## Goal of the exercise
With the pictures left out, retype exactly the lines below starting at the line that contains "Натуральный камень (мрамор, травертин), пиленный" and ending at the line that contains "仪式上,移远还向8位员工颁发".

## Extracted material
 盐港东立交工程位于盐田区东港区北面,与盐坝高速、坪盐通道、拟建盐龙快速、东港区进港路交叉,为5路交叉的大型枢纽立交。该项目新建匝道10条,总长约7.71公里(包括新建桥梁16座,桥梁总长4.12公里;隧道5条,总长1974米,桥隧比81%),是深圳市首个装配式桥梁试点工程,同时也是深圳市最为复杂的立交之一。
---
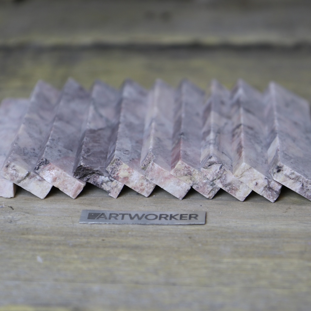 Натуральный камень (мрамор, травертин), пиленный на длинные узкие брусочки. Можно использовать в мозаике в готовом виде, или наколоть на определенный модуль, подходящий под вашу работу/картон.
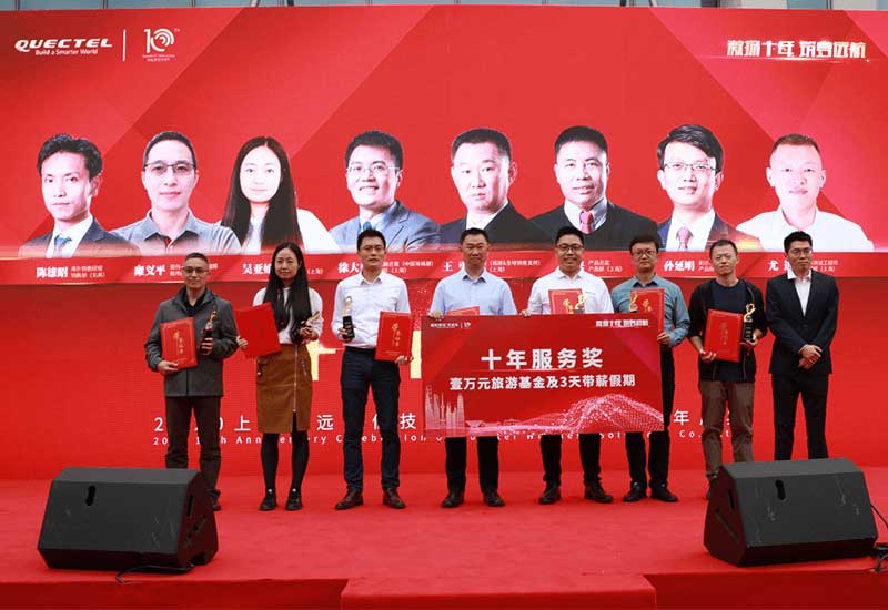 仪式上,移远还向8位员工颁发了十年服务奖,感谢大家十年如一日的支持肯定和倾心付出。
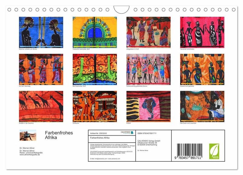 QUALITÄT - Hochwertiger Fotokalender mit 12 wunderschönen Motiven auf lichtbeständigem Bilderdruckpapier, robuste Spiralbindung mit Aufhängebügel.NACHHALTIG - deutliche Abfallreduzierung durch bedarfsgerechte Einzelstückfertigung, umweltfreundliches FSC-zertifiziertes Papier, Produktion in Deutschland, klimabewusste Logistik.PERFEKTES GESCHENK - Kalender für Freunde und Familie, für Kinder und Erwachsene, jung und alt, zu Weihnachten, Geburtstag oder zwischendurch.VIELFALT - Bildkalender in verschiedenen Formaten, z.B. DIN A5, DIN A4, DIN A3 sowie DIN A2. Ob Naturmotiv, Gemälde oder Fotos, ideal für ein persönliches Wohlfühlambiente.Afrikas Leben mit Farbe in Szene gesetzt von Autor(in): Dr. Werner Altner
==
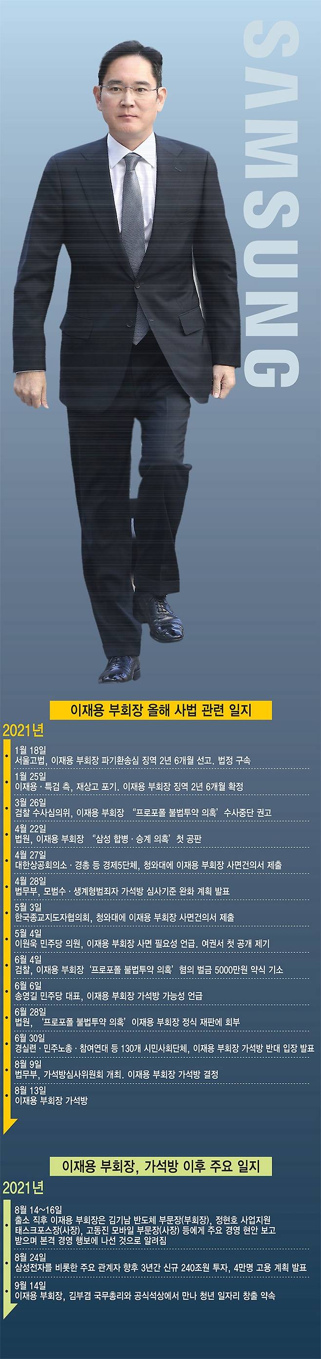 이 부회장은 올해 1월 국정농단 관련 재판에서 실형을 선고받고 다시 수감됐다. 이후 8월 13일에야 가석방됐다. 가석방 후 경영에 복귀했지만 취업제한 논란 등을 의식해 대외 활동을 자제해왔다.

## Exercise output
 Натуральный камень (мрамор, травертин), пиленный на длинные узкие брусочки. Можно использовать в мозаике в готовом виде, или наколоть на определенный модуль, подходящий под вашу работу/картон.
 仪式上,移远还向8位员工颁发了十年服务奖,感谢大家十年如一日的支持肯定和倾心付出。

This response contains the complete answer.